CCRL Chess Engine Match Standards. How obsolete are they?

Discussion of computer chess matches and engine tournaments.

Moderators: bob, hgm, Harvey Williamson

Forum rules
This textbox is used to restore diagrams posted with the [d] tag before the upgrade.
MikeB
Posts: 3552
Joined: Thu Mar 09, 2006 5:34 am
Location: Pen Argyl, Pennsylvania

Re: CCRL Chess Engine Match Standards. How obsolete are they?

Post by MikeB » Mon Jul 01, 2019 8:04 pm

Guenther wrote:
Mon Jul 01, 2019 9:01 am
AndrewGrant wrote:
Sun Jun 30, 2019 10:21 pm
elcabesa wrote:
Sun Jun 30, 2019 10:11 pm
so the real problem for you is that LC0 and NN behave so poorly?
That tends to be the real motivation for those with an obsession with LC0.
I have just ignored him since he couldn't get over people stating it is nonsense to use more threads
in a ponder on match, as even hyperthreads are available (plus youtube streaming!).
Now he tries to put someone else down instead...

(Ofc he has no clue of stats and boldly states the wonderful average nps or depths and he gets off with it, because
he rarely posts real pgn files at all and the few I have seen were so obfuscated through CB software that I didn't care
to write another script making them usable and do some data mining - he will never acknowledge sudden erratic
time to depth abnormalities, which surely are there, hidden in his average good numbers...
Moreover the habit of only posting youtube links here for mere ccc games should be already forbidden, no one wants
to be spammed by watching a ccc game)
+1 Bullseye!

sovaz1997
Posts: 235
Joined: Sun Nov 13, 2016 9:37 am

Re: CCRL Chess Engine Match Standards. How obsolete are they?

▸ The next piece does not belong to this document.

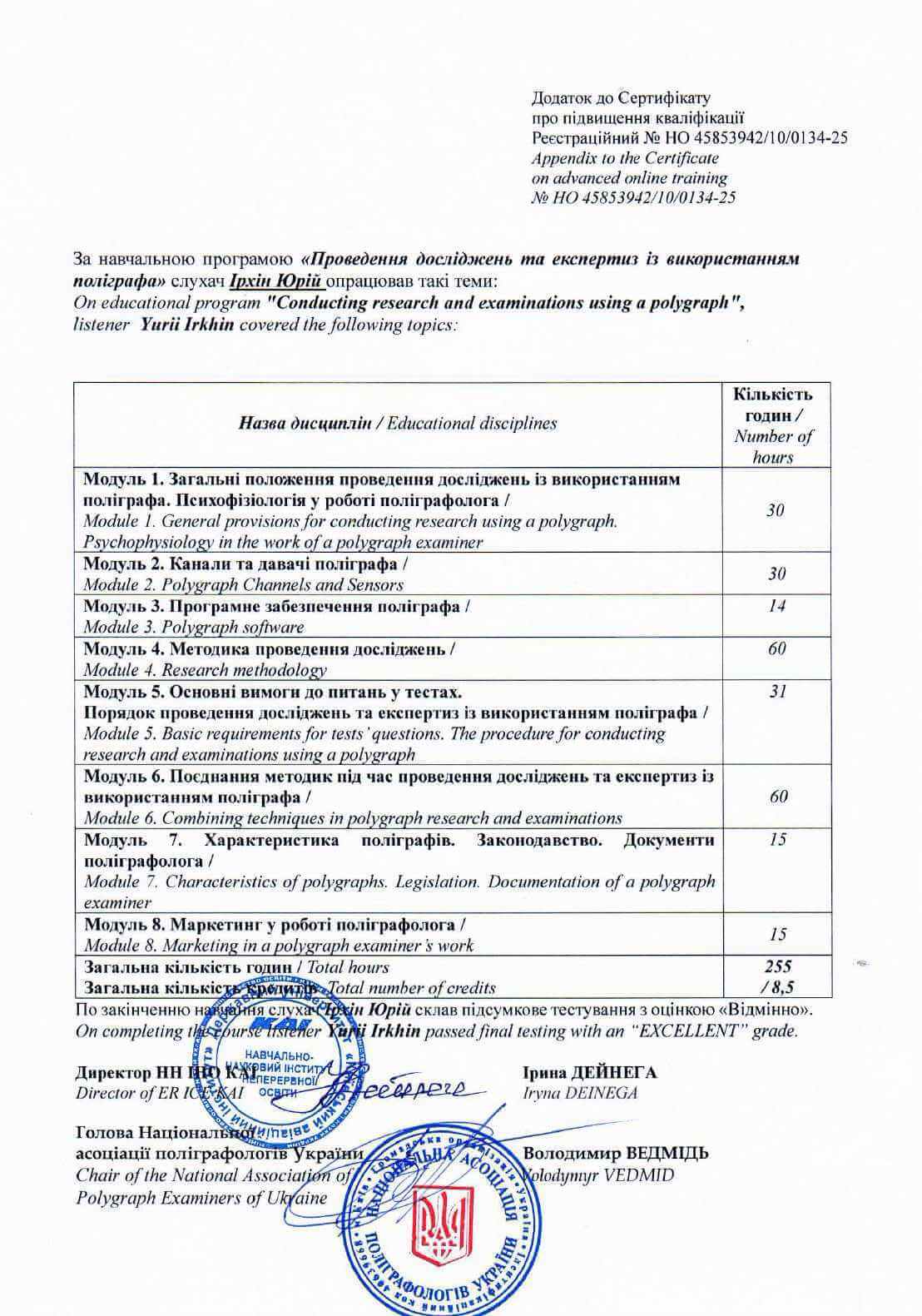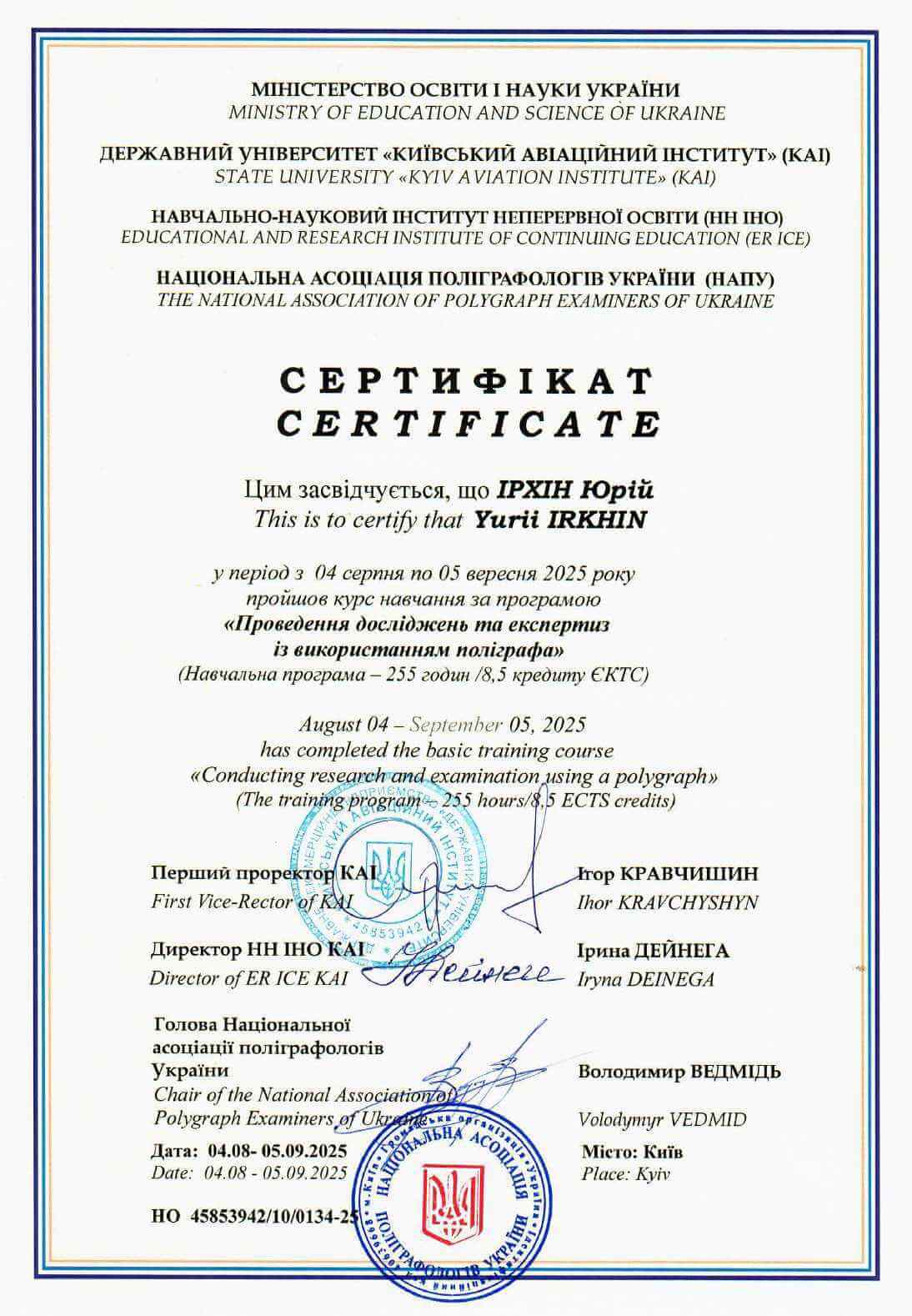 Кожен випускник курсів поліграфологів НАПУ та КАІ отримує:

Post by sovaz1997 » Mon Jul 01, 2019 8:30 pm

mwyoung wrote:
Sun Jun 30, 2019 10:41 pm
AndrewGrant wrote:
Sun Jun 30, 2019 10:21 pm
elcabesa wrote:
Sun Jun 30, 2019 10:11 pm
so the real problem for you is that LC0 and NN behave so poorly?
That tends to be the real motivation for those with an obsession with LC0.
I have an obsession with testing chess computers since 1982.
And some of you A/B guys really hate Lc0.

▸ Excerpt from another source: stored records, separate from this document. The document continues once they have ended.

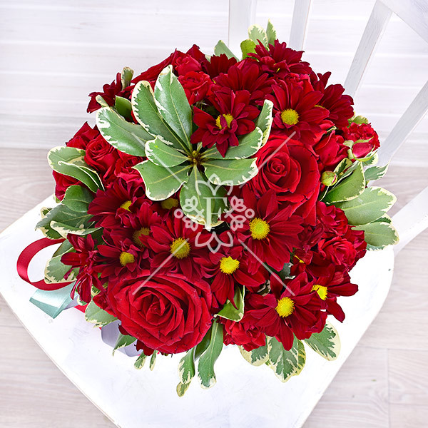 роза красная – 5 шт., роза красная кустовая – 4 шт., хризантема красная кустовая – 4 шт., зелень декоративная: питтоспорум, оазис, коробка, лента.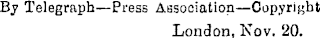 By Telegraph—Press Association—Copyright London, Nov. 20.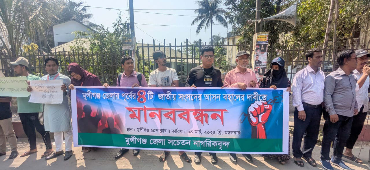 মুন্সীগঞ্জের সংকুচিত সংসদীয় আসনের যৌক্তিক সংখ্যাবৃদ্ধির দাবিতে মানববন্ধন কর্মসূচি পালিত হয়েছে। সোমবার দুপুর ১২টায় মুন্সীগঞ্জ প্রেসক্লাব ফটকে জেলার সচেতন নাগরিকবৃন্দের ব্যানারে ঘণ্টাব্যাপী এ মানববন্ধন কর্মসূচি অনুষ্ঠিত হয়। এতে অংশ নেন জেলার সুশীল সমাজ, সাংবাদিক, ছাত্র-শিক্ষকসহ বিভিন্ন শ্রেণিপেশার প্রতিনিধিরা।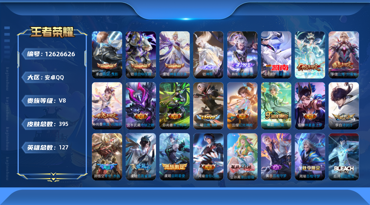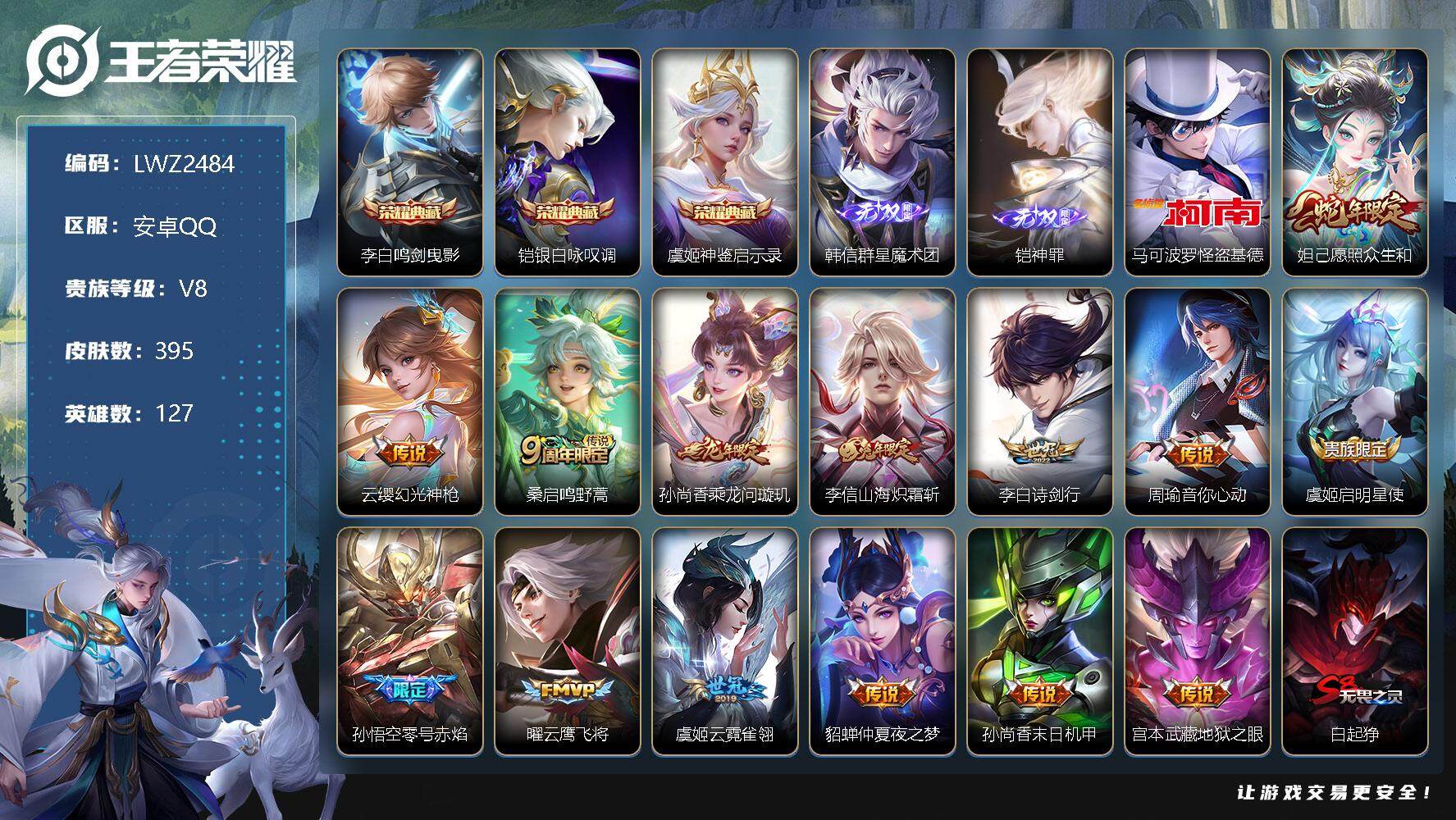 [12626626]安卓Q-V8-至尊星耀V段位-127英雄-395皮肤-3典藏-2无双-1珍品传说-14传说-118史诗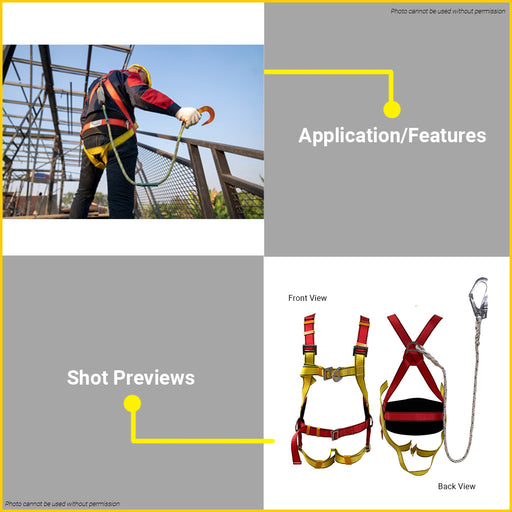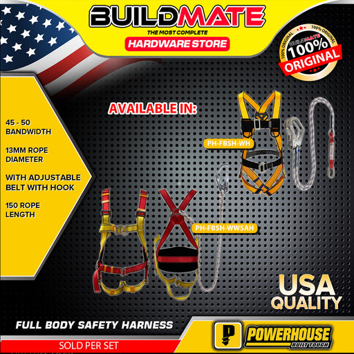 BUILDMATE Powerhouse Full Body Safety Harness with Adjustable Belt and Hook Ø13mm x 150cm Fall Arrest Protection Personal Safety Harness Belt - PHHT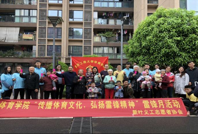 为弘扬“奉献、友爱、互助、进步、为人民服务”的雷锋精神,增强大学生的志愿服务意识,提高对社区的责任感和归属感。重庆工商大学yl23455永利集团新叶义工志愿者协会于2018年3月24日上午9时,在重庆市南岸区海棠溪街道招商科苑小区举办义工文化节“传播体育文化,弘扬雷锋精神”雷锋月活动。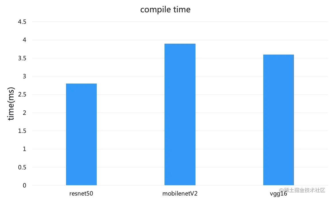 如果打开了 JIT 支持,那么天元首次运行的时候会有一次 JIT 编译的过程。JIT 编译耗时跟具体的编译的后端以及模型有关,如图 10 所示 resnet50 耗时 2.7 毫秒,mobilenetV2 耗时 3.9 毫秒。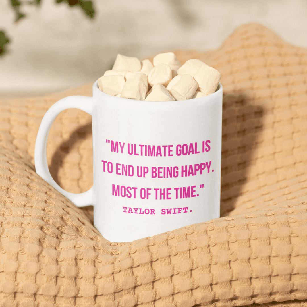 Een mok vol inspiratie en humor! Met het grappige en positieve citaat “My Ultimate Goal is to End Up Being Happy, Most of the Time” van Taylor Swift is deze mok perfect voor fans én iedereen die zijn dag met een glimlach wil beginnen. Voeg een vleugje Swiftie-vibes toe aan je koffie- of theemoment!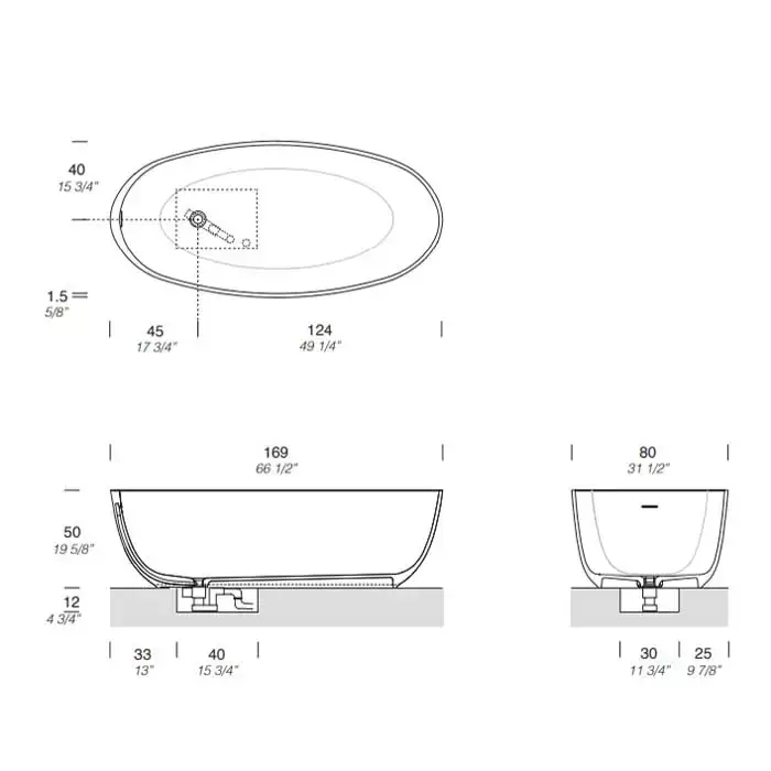 Antonio Lupi Mastello Ванна отдельностоящая 135х75хh87 см, с донным клапаном (хром), сифоном и гибким шлангом, материал: Flumood, цвет: белый

And my favorite engines is always the best tested engines.

Some may remember when Houdini was best, and I tested Stockfish as best.
The same kind of fan boys said I had an obsession with Stockfish.
I called it as Stockfish was tested. The Best....Now Lc0 is best by test.
Here I agree. Indeed, many are annoyed at Lc0 and try to belittle it. But it works on the other hand: some Leela fans hate Stockfish. And one of the reasons is described here: https://en.wikipedia.org/wiki/Anchoring :D
Zevra 2 - my chess engine.
Binary, source and description here: https://github.com/sovaz1997/Zevra2

konsolas
Posts: 182
Joined: Sun Jun 12, 2016 3:44 pm
Location: London
Full name: Vincent
Contact:

Re: CCRL Chess Engine Match Standards. How obsolete are they?

Post by konsolas » Mon Jul 01, 2019 9:16 pm

I admire CCRL's commitment to their scientific approach of benchmarking and standardising time controls to ensure consistent conditions across all their games. Whether or not the list is called 40/40 or 40/20 is just nitpicking given its history and the fact that the "40" is immediately explained at the top of the page.

tmokonen
Posts: 1038
Joined: Sun Mar 12, 2006 5:46 pm
Location: Vancouver

Re: CCRL Chess Engine Match Standards. How obsolete are they?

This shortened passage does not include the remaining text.